Occupy Gentrification
I use to frequent this great bar, every time I came from a San Francisco Giants or an Oakland Athletics game, even a few Golden State Warriors games and other places in the city. I first came here in 1981 in my U.S. Navy days whether I was stationed in Naval Station Treasure Island (1988-1990) (1993_1996) the U.S.S Kansas City stationed in either Alameda NAS, or NSC Oakland (1984-85). the U.S.S Carl Vinson (1993-94) U.S.S Kiska (1978-1981). the music has changed there since I frequent it, and I do remember some of the people who worked there, and come in for a drink there. Well I now in in a town called O'Fallon, IL and I'm retired from the navy now. The town is near St. Louis, Mo. Great times at this place and some very good memories since I went there and have seen this video. Its too bad it had to move though.
I started going to the Gold Dust in the early 80's..... It was always my favorite bar in SF....
Well done! Love it...but maybe I'm slightly biased because the Irish coffee being made at 1:20 was for me. Hope we can all pull through with this.
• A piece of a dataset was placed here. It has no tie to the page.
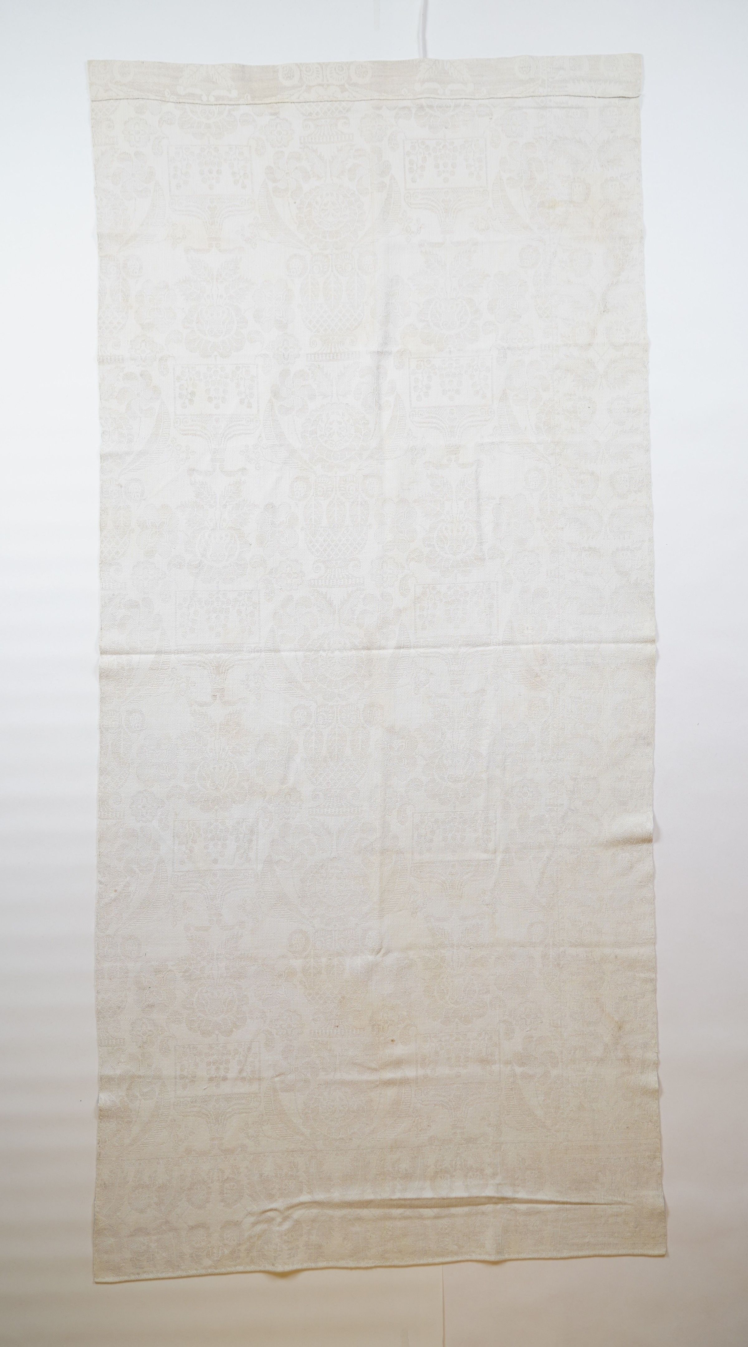 White and natural figured coverlet with border along bottom. One panel.

byłem tam wiele razy, cudowne klimatyczne miejsce, pozdrowienia dla Marina from poland
Seriously! Save the Gold Dust! It's a part of San Francisco culture!
I wonder what it looks like today
It's a super tiny boutique Express store. And there's another large Express store .02 miles away.
Thanks for the info!
Seriously? I was the first to watch this.
The Gold Dust needs to be saved. Just like the french clothing store FCUK that came and went, so will this clothing chain: it will not be a permanent fixture. it's products are too cheap and of too poor of a quality to be able to sustain the corner. In the end, that does not matter any way. What matters is that we need to preserve street level live and spontaneity. We will also lose the record store on the corner: big loss for locals and tourists who love sources for hardcopy music.